* [Task directions]: Lines from the entries below that hold "with" form the answer; copy all of them.

[Dataset entries]
⁂
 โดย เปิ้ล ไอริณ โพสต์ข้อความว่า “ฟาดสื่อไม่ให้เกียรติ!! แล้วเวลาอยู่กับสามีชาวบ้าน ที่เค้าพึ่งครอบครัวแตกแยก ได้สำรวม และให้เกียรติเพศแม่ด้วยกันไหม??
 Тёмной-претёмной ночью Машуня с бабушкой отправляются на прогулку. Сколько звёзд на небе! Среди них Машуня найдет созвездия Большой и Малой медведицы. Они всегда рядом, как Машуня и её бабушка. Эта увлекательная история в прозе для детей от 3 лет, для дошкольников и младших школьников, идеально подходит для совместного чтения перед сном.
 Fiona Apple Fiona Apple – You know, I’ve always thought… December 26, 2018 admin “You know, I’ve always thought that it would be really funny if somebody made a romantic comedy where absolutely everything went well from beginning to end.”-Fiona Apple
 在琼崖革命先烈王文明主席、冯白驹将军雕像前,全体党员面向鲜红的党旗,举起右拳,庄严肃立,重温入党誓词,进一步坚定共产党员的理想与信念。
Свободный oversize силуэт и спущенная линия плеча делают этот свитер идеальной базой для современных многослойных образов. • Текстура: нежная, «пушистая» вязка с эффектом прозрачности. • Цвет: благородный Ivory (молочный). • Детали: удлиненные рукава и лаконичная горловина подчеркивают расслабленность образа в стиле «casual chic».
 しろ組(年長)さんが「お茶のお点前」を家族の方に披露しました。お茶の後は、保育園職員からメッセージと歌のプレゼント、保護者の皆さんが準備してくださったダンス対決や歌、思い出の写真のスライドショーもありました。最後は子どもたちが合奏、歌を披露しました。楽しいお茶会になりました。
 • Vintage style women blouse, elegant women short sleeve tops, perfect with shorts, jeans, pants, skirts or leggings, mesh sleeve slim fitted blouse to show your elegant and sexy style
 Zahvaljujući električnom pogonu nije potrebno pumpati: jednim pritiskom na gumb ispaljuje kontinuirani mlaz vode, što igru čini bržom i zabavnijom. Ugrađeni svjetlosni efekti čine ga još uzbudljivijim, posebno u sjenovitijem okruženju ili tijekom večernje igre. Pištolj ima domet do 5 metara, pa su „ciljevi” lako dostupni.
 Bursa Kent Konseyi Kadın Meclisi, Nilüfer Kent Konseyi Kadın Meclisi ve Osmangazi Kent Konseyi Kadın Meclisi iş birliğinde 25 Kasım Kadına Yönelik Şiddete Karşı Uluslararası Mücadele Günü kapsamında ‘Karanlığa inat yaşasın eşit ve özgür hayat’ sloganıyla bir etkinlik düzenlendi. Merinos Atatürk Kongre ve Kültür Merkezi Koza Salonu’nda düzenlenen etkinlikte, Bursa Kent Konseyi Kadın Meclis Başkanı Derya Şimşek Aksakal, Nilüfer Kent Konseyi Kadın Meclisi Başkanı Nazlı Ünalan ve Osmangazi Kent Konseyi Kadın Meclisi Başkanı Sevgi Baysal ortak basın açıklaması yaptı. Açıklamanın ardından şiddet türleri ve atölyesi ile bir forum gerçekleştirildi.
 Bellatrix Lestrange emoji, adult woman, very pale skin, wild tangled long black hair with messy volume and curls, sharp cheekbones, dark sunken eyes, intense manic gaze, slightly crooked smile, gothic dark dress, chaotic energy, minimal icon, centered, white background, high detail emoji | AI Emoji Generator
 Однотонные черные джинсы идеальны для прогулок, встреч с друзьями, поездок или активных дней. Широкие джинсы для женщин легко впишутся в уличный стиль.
⁂
* [Solution to the problem]:
 • Vintage style women blouse, elegant women short sleeve tops, perfect with shorts, jeans, pants, skirts or leggings, mesh sleeve slim fitted blouse to show your elegant and sexy style
 Bellatrix Lestrange emoji, adult woman, very pale skin, wild tangled long black hair with messy volume and curls, sharp cheekbones, dark sunken eyes, intense manic gaze, slightly crooked smile, gothic dark dress, chaotic energy, minimal icon, centered, white background, high detail emoji | AI Emoji Generator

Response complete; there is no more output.